O Dia que Te Conheci (2023)

O amor e outros acidentes

título original (ano)
O Dia que Te Conheci (2023)
país
Brasil
gênero
Comédia, Romance
duração
71 minutos
direção
André Novais Oliveira
elenco
visto em
Mostra de São Paulo 2023

A todos os criadores que reclamam sobre a impossibilidade de fazer uma comédia inteligente, engraçada e popular sem recorrer aos estereótipos frequentes (gordos em roupas justas, loiras burras, gays para alívio cômico, negros barraqueiros, etc.), seria interessante que assistissem a O Dia que Te Conheci. Aos cinéfilos e espectadores que dividem os filmes brasileiros entre comédias rasgadas e dramas-de-festival, também.

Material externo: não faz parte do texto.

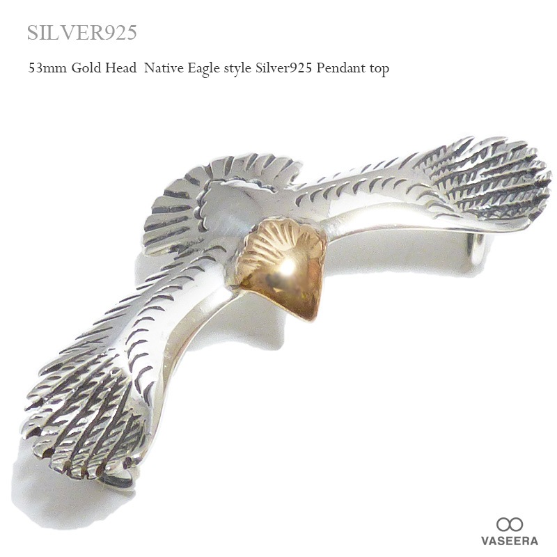 ネイティブ ゴールドヘッド 53mm大型イーグル(鷲) シルバー925 ペンダント トップ 【インディアンジュエリー/SILVE...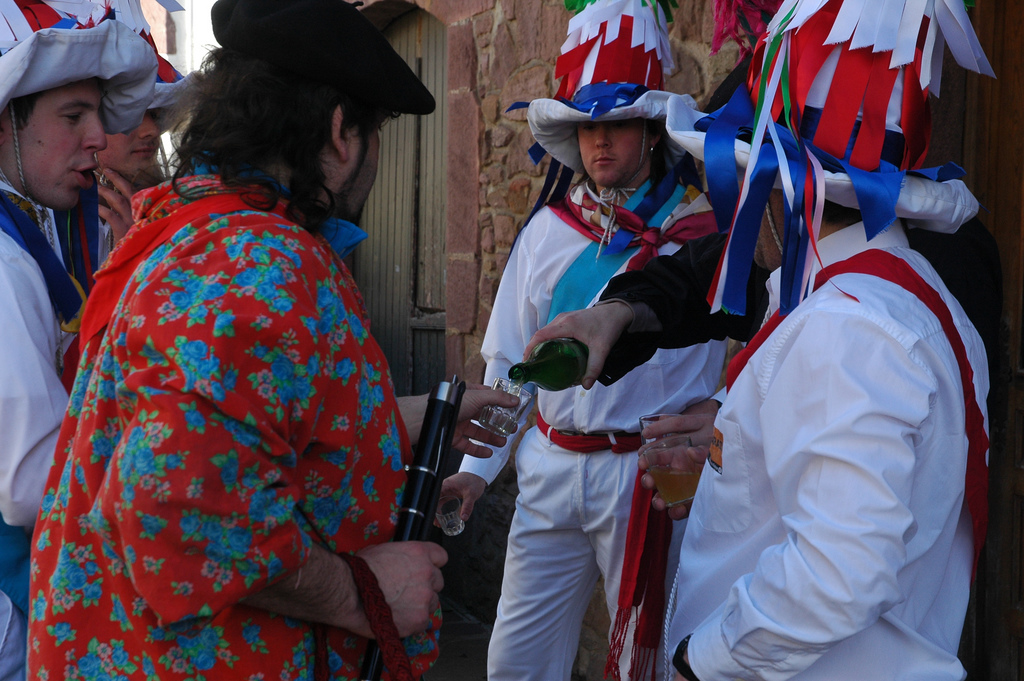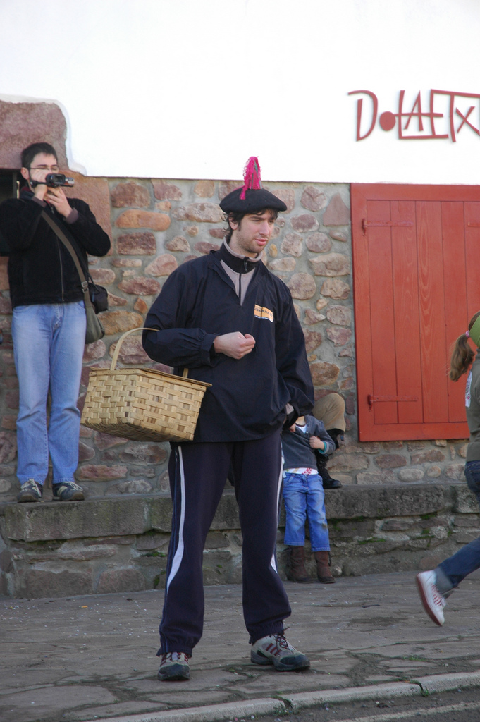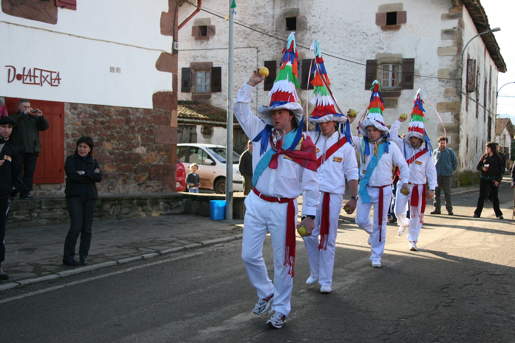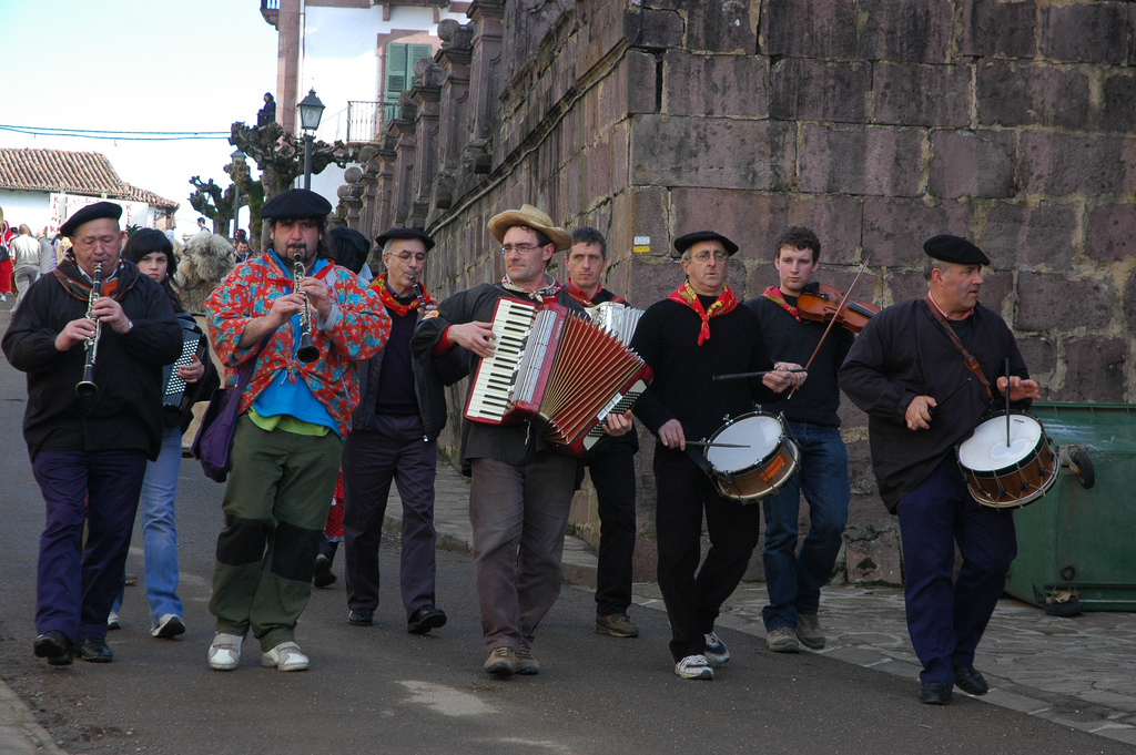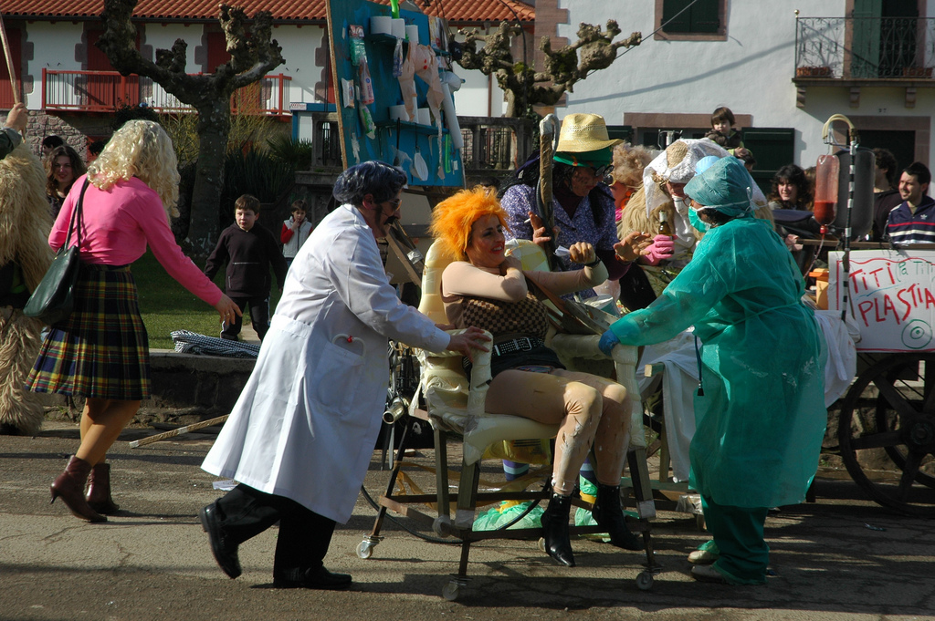 Halako batean hasi dira agertzen mozorroak. Zirujia estetikoko karroza eta bere kideak, polizia foralaren kotxea eta kontrola, eta mozorro barregarri eta basatiak. Horietako batzuk, ardi-larruak bizkarrean eta aurpegia estalita jendea astintzen dute adar luze batzuekin. Hartza ere atera da eta korrika saioak eta izuak hasi dira. Hartza basatia eta eroa da benetan, eta domadoreak ere epelak eman eta hartzen ditu. Txistulariek klarineteak hartu dituzte eta haiekin beste hainbat musikari bildu dira.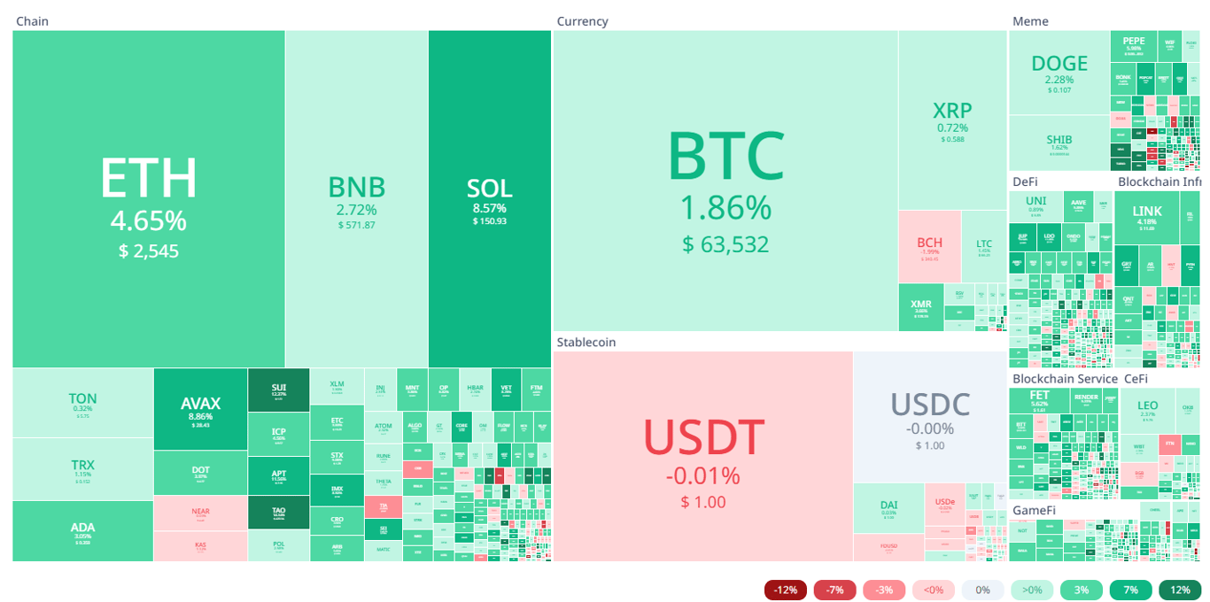 Bitcoin recorded its price at $63,532 with an increase of 1.8% in 24 hours. Then there is Ethereum which has recently experienced a decline and even received a bad reaction from its holders because the price continues to fall. But now, ETH is up 4.65% and has a price of $2,545.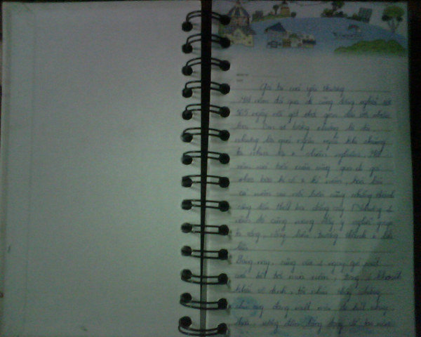 . Lại nhớ hôm qua đi chơi với cái khoai ngố , dẫn nó vô quán chè Hoa Phượng ăn kem thì nó hok ăn, 2 anh em ngồi nhìn nhau cười đến khi kem chảy hết rồi 2 anh em lại đi lượn đường gần 2 h . Đến 5h30 chở nhok về đến nhà, nhok đưa cho mình 2 cuốn vở và 1 cuốn sổ, bảo mình chọn lấy 1 , mình chọn cuốn sổ , hehe, vì trông nó đẹp lắm . Đang định mở ra xem có gì hay thì nhok bắt mình về nhà mới được mở ra xem nếu hok sẽ gặp xúi. Khổ quá, mình vốn tò mò sẵn, chờ nhok vào trong nhà mở ra xem ké tí trang đầu , đọc được vài dòng “Giá trị của yêu thương …..” thì gập lại luôn rồi về nhà. . Đi đến cầu quay, mình đã đi từ từ thế mà cái anh zai đằng sau còn húc vào xe mình , làm mình tý nữa thì bắn xuống sông, may mà mời đọc 1 tý trong cuốn sổ , nếu đọc hết chắc mình hok còn mạng về nhà mất

Dentro da sala de cinema da 47ª Mostra de São Paulo, as pessoas riam em alto e bom-tom, da primeira à última cena. Na saída, conversavam entre si, destacando as passagens preferidas, os diálogos mais marcantes, ou identificando um tio, amigo ou namorado que age exatamente como os personagens do filme. É visível o grau de identificação provocado pela obra com o público, que deixou a sessão com um sorriso estampado no rosto. Raros projetos conquistam tal efeito junto ao espectador.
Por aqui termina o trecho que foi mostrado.